> MATERIAL PROVIDED:
:::::

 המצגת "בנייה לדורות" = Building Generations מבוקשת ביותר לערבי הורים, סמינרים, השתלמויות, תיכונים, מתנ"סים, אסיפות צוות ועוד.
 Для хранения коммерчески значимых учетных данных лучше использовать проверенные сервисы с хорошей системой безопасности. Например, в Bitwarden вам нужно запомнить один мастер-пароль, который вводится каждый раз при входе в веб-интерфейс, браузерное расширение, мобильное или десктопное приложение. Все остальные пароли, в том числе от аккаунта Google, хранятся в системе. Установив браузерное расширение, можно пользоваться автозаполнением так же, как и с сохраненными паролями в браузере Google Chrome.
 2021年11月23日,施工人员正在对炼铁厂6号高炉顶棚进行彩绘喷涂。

:::::

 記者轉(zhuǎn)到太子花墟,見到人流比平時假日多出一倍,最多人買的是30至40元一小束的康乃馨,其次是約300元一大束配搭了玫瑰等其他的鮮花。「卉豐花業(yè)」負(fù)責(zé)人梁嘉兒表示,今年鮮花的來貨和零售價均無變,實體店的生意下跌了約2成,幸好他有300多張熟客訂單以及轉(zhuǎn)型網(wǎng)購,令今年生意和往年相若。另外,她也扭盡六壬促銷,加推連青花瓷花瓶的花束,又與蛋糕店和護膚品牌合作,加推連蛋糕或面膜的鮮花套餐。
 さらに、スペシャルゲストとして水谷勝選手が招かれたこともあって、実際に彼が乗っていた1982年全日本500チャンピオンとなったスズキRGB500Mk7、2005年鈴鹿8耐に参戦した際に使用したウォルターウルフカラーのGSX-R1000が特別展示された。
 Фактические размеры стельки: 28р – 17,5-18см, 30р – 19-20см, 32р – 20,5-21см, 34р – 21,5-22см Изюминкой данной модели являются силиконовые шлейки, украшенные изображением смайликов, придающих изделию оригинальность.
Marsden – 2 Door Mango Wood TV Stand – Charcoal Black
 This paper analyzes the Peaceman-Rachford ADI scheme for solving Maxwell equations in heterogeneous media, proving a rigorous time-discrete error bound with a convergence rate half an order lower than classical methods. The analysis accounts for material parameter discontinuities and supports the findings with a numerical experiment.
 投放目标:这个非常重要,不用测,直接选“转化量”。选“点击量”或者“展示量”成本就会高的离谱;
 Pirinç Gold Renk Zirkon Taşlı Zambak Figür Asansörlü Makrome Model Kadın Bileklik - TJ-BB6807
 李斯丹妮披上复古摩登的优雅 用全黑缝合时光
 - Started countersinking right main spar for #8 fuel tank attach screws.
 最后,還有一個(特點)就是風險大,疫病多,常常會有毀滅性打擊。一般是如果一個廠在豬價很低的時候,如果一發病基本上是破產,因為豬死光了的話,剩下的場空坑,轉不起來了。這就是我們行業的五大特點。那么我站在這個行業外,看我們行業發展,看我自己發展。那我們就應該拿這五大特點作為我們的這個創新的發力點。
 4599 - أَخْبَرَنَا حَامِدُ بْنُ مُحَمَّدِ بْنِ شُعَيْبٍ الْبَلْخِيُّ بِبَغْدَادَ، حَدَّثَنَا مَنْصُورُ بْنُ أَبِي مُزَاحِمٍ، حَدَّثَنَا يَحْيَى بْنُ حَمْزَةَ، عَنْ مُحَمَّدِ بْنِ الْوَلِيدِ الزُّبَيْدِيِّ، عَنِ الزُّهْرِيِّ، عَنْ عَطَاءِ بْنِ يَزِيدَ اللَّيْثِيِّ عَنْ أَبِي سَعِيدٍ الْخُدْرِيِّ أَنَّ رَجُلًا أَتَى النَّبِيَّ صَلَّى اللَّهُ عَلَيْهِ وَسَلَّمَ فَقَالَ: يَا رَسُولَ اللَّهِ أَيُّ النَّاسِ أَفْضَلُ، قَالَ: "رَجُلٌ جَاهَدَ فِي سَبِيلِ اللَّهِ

:::::

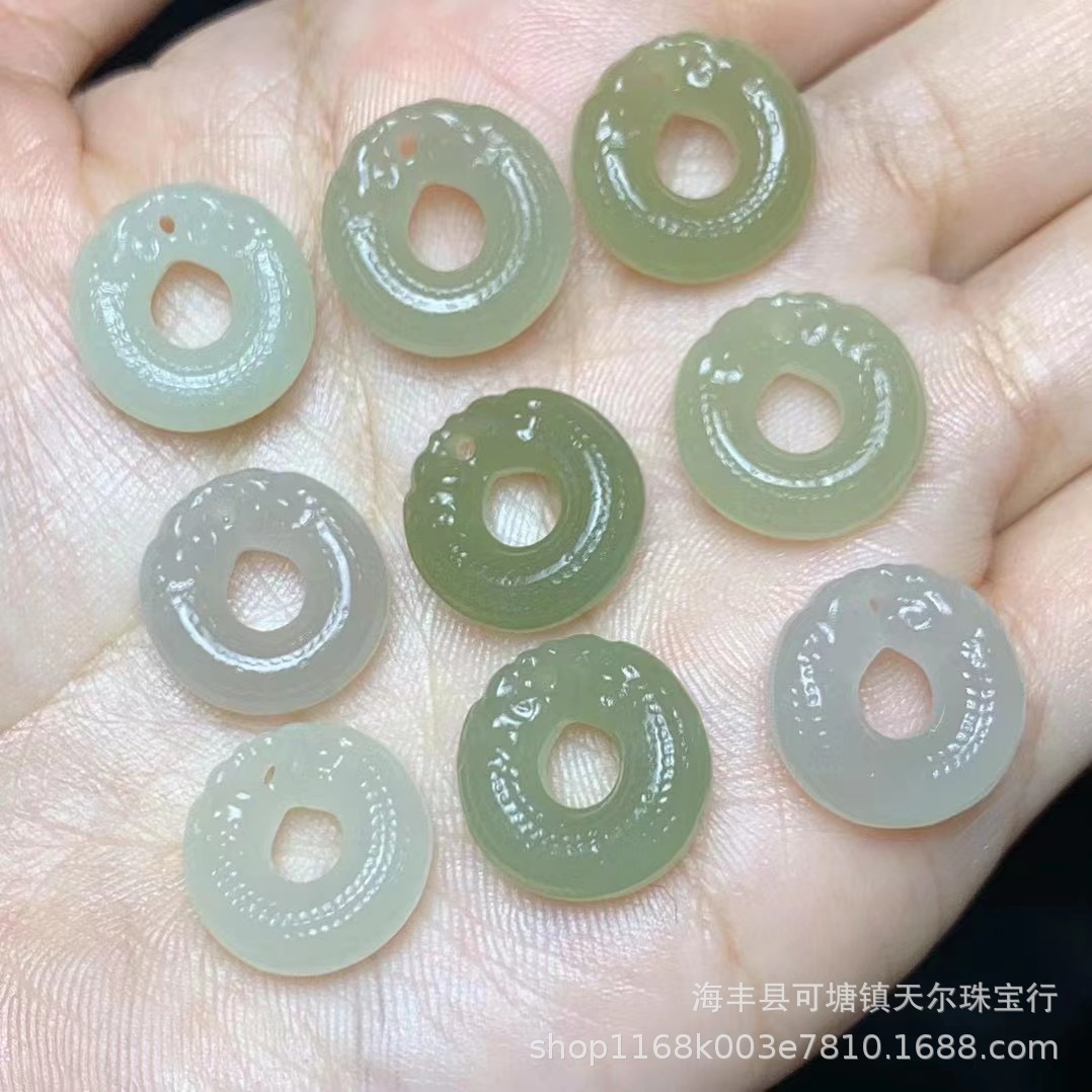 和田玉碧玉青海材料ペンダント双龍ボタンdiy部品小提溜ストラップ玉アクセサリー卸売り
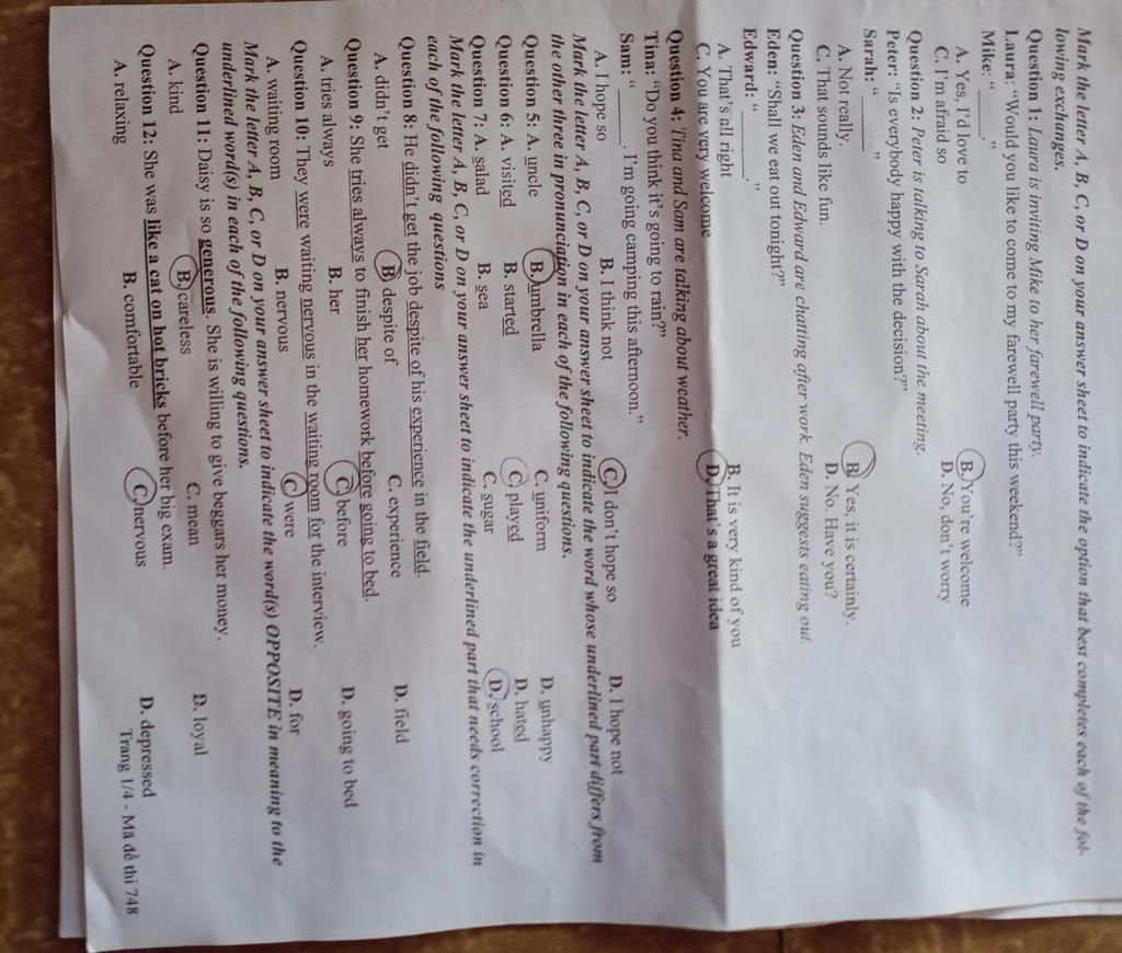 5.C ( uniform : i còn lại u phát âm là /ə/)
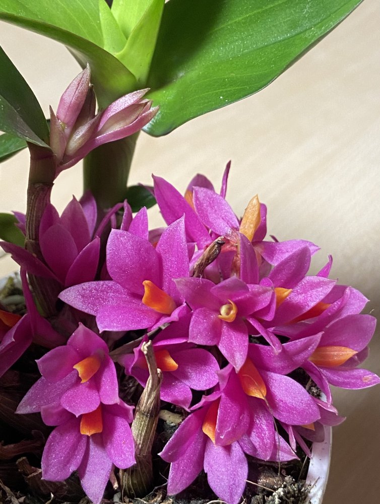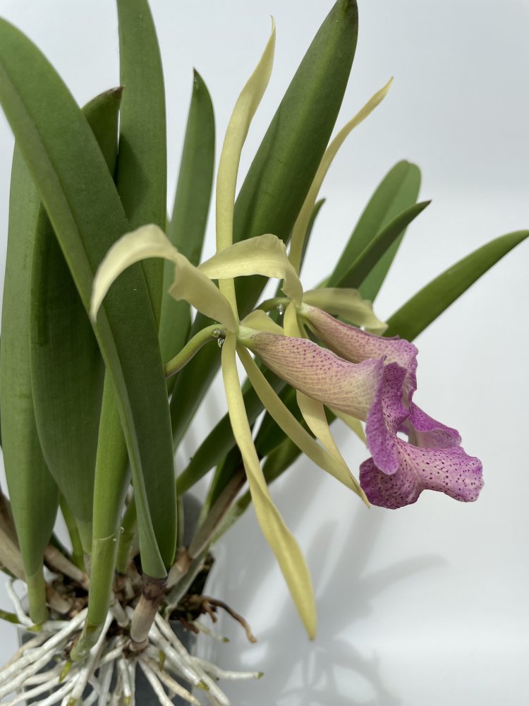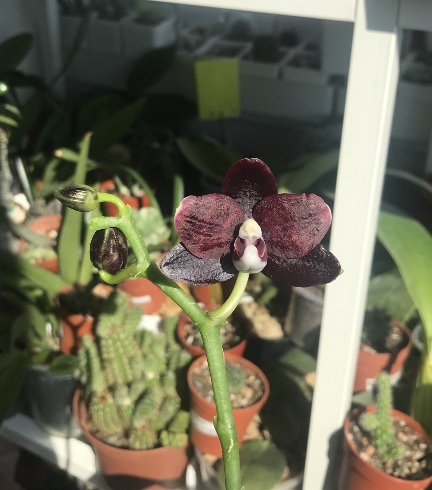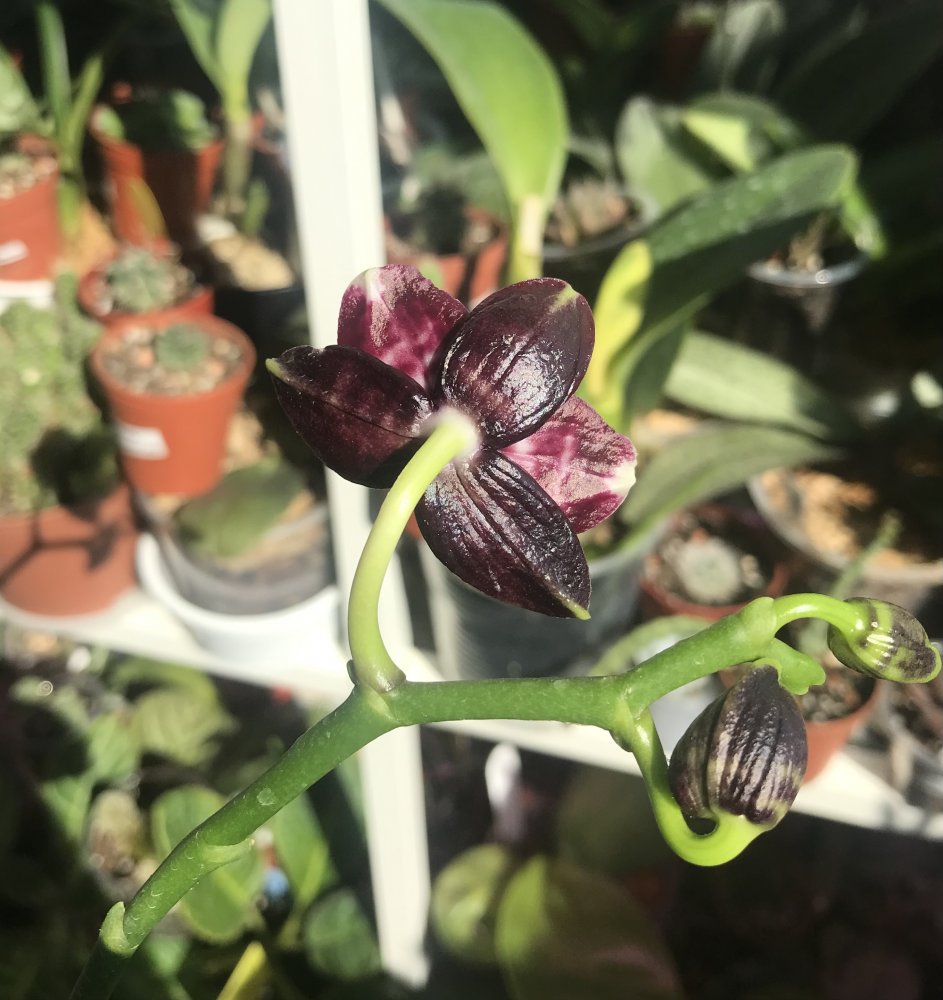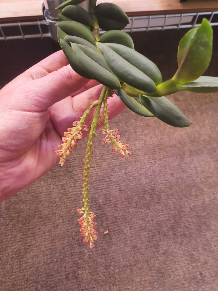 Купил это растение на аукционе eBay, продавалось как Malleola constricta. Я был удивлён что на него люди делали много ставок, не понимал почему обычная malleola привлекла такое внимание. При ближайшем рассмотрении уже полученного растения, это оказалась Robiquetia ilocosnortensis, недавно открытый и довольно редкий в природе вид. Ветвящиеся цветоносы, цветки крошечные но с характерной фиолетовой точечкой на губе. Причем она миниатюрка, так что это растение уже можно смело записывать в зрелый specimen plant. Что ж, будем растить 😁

:::::

> WORK INSTRUCTION:
Would you copy, unchanged, the stretch of the records above that begins at the line containing "אסיפות צוות ועוד." and ends at the line containing "2021年11月23日,施工人员正在对炼铁厂6号高炉顶棚进行彩绘喷涂。", and only that?

> SOLUTION TO THIS EXERCISE:
 המצגת "בנייה לדורות" = Building Generations מבוקשת ביותר לערבי הורים, סמינרים, השתלמויות, תיכונים, מתנ"סים, אסיפות צוות ועוד.
 Для хранения коммерчески значимых учетных данных лучше использовать проверенные сервисы с хорошей системой безопасности. Например, в Bitwarden вам нужно запомнить один мастер-пароль, который вводится каждый раз при входе в веб-интерфейс, браузерное расширение, мобильное или десктопное приложение. Все остальные пароли, в том числе от аккаунта Google, хранятся в системе. Установив браузерное расширение, можно пользоваться автозаполнением так же, как и с сохраненными паролями в браузере Google Chrome.
 2021年11月23日,施工人员正在对炼铁厂6号高炉顶棚进行彩绘喷涂。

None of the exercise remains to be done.